## Records provided
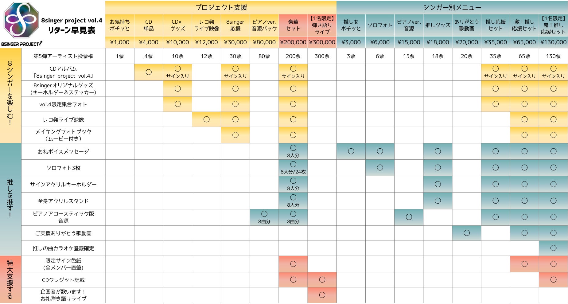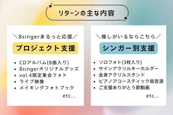 8singerをまるっと応援できる『プロジェクト支援』と、応援したいシンガーを指名できる『シンガー別支援』です。
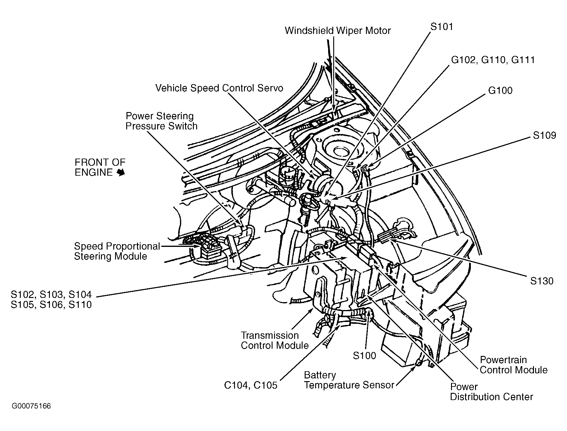 | Powertrain Control Module | Left fender side shield, attached to power distribution center. See Figure . |
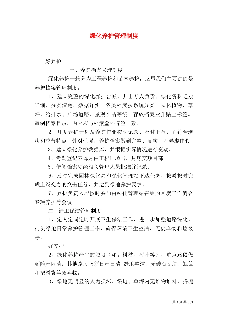 第1页共3页书山有路勤为径,学海无涯苦作舟。绿化养护管理制度好养护一、养护档案管理制度绿化养护一般分为工程养护和苗木养护,这里我们主...
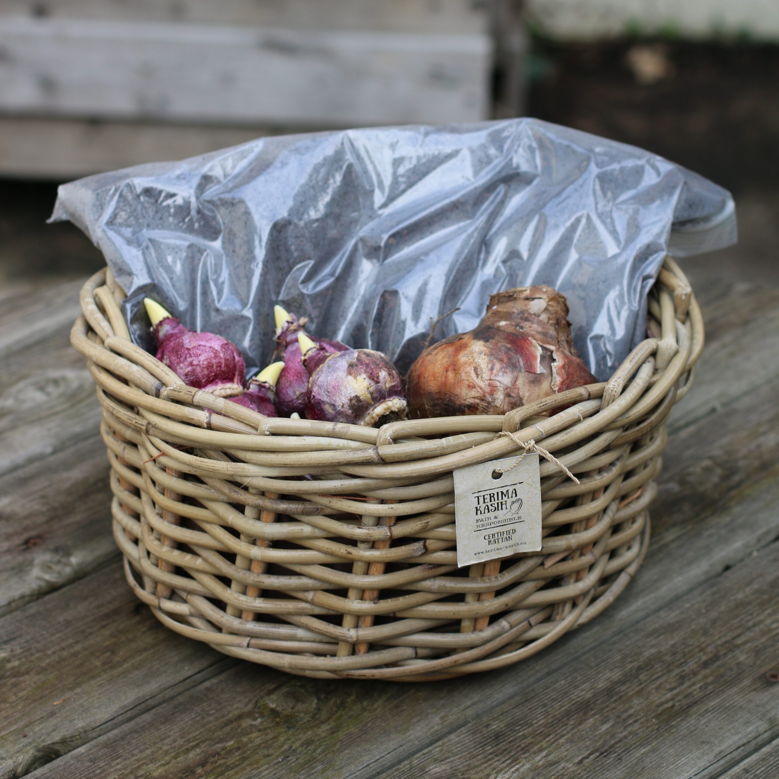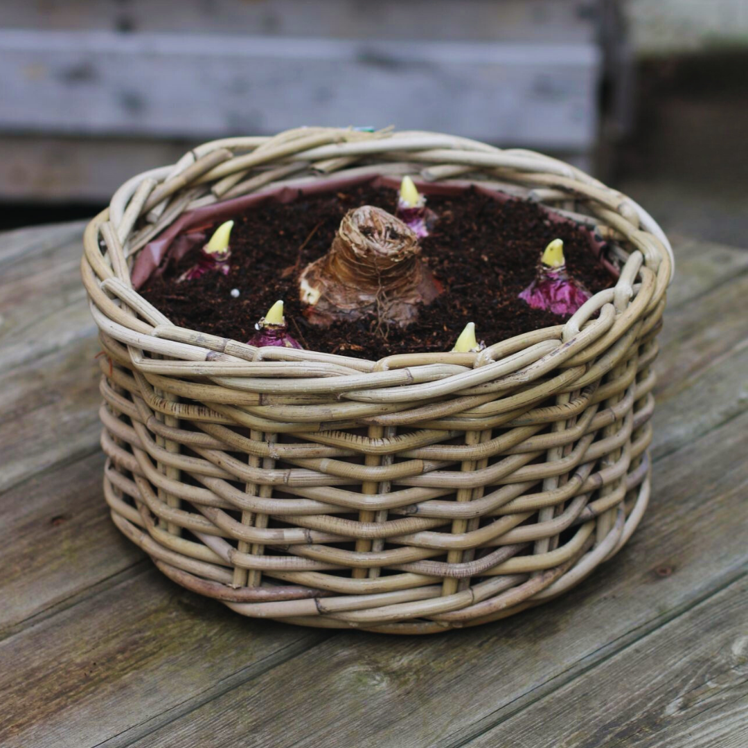 Plant the Amaryllis bulb in the centre of the basket and surround it with the Hyacinth bulbs for a stunning layered display. The Amaryllis will produce a tall and dramatic blooms, while the Hyacinths fill the base with clusters of richly scented white flowers. Together, they create a striking combination of height, colour, and fragrance.
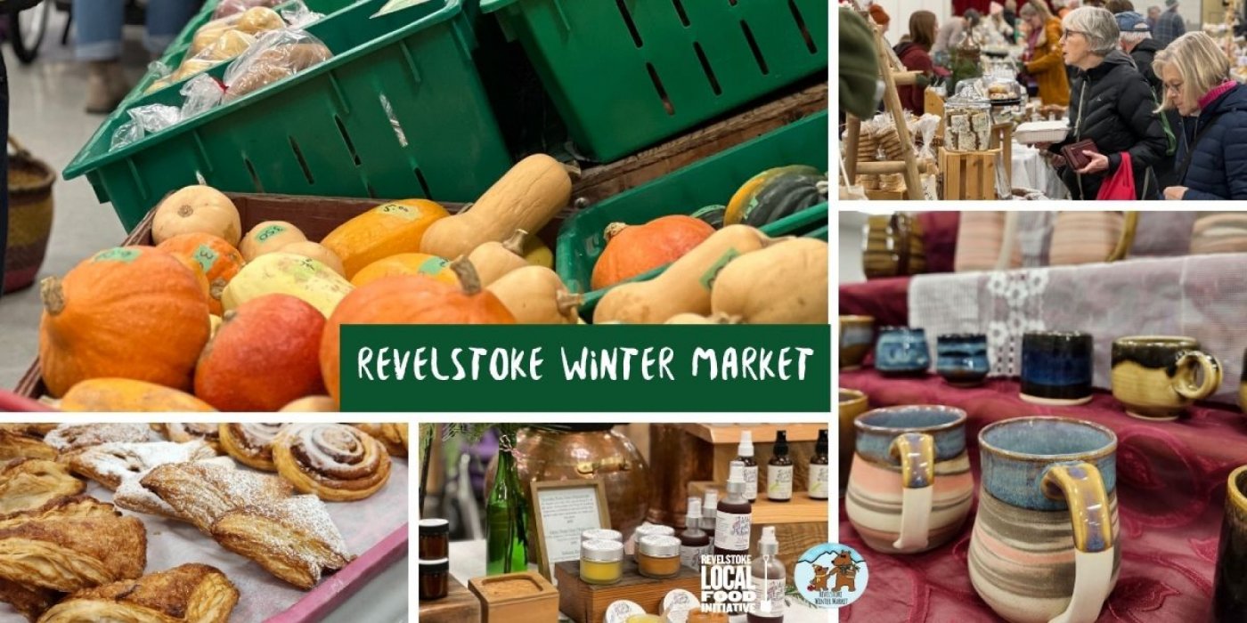 The Revelstoke Winter Market takes place every other week and hosts a variety of local and regional vendors. Shoppers can stock up on fresh produce and purchase items such as fresh eggs meat coffee wine cider baked goods indian and ukrainian food as well as art and craft items like jewellry pottery cosmetics and house decor.
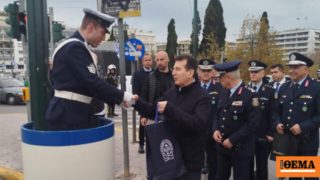 Ο Χρυσοχοΐδης αντάλλαξε ευχές και έδωσε δώρα στον τροχονόμο στο βαρέλι στην πλατεία Συντάγματος
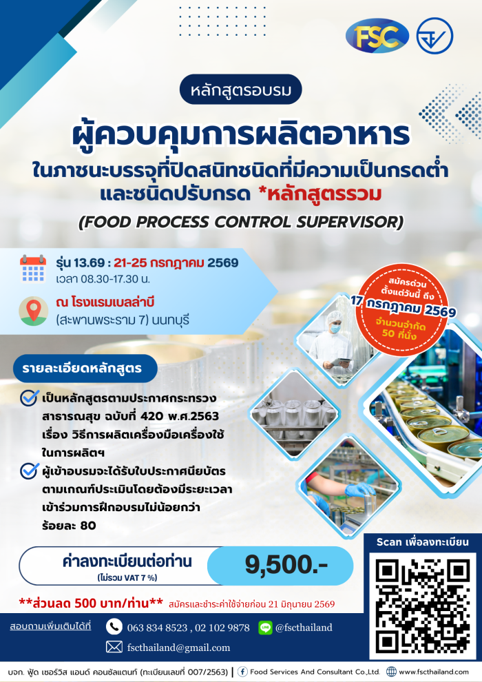 [อบรม] หลักสูตร "ผู้ควบคุมการผลิตอาหารในภาชนะบรรจุที่ปิดสนิทชนิดที่มีความเป็นกรดต่ำและชนิดปรับกรด (หลักสูตรรวม)" วันที่ 21-25 กรกฎาคม 2569
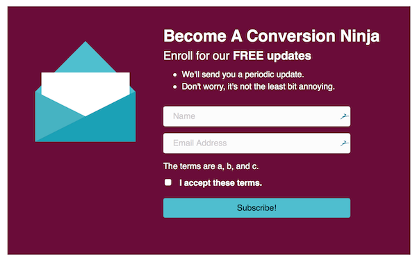 Here's an example of the Subscribe Form module as used in the Sign Up content template included with the Beaver Builder plugin. An example of the Terms and Conditions checkbox has been added to the template. If you enable this option, users must select the checkbox to submit the form successfully. If they don't, they receive the message "You must accept the Terms and Conditions."
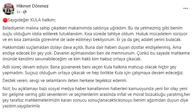 Adli süreç sonunda suçsuz olduğunun ortaya çıkacağını savunan Başkan Dönmez, “Adli süreç devam ediyor. Yargıya güveniyoruz. Bana güvenerek beni seçen Kula halkına mahcup olacak hiçbir şey yapmadım. Suçsuz olduğum ortaya çıkacak ve hep birlikte Kula için çalışmaya devam edeceğiz. Destek veren, sevgi ve selamlarını ileten herkese teşekkür ederim. Ayrıca, bu açıklamayı bazı sosyal medya haber kanallarının haberleri, kamuoyunda yeni bir olay yeni bir gelişme varmış gibi sevenlerim ve seçmenlerim arasında infial ve moral bozukluğu oluşturmuş. Her şey tarafsız mahkemelerimizin kararı sonucu sonuçlanacaktır” dedi.
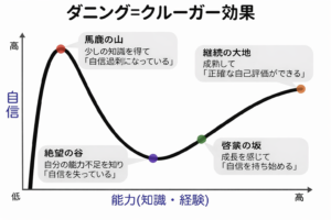 ダニング=クルーガー効果を説明する際によく用いられる曲線図です。
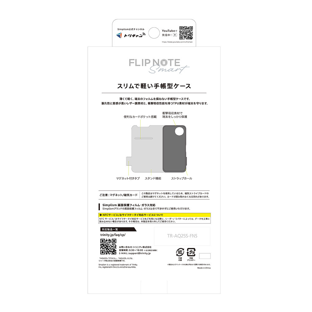 AQUOS sense10 / sense9 [Smart FlipNote] 薄型スマートフリップノートケース ブラック TR-AQ25S-FNS-LBK

## What you will do
Using the data above, print only the lines starting at the one with "Ο Χρυσοχοΐδης αντάλλαξε" and ending at the one with "21-25 กรกฎาคม 2569", exactly as they stand, minus the pictures.

## Reply
 Ο Χρυσοχοΐδης αντάλλαξε ευχές και έδωσε δώρα στον τροχονόμο στο βαρέλι στην πλατεία Συντάγματος
 [อบรม] หลักสูตร "ผู้ควบคุมการผลิตอาหารในภาชนะบรรจุที่ปิดสนิทชนิดที่มีความเป็นกรดต่ำและชนิดปรับกรด (หลักสูตรรวม)" วันที่ 21-25 กรกฎาคม 2569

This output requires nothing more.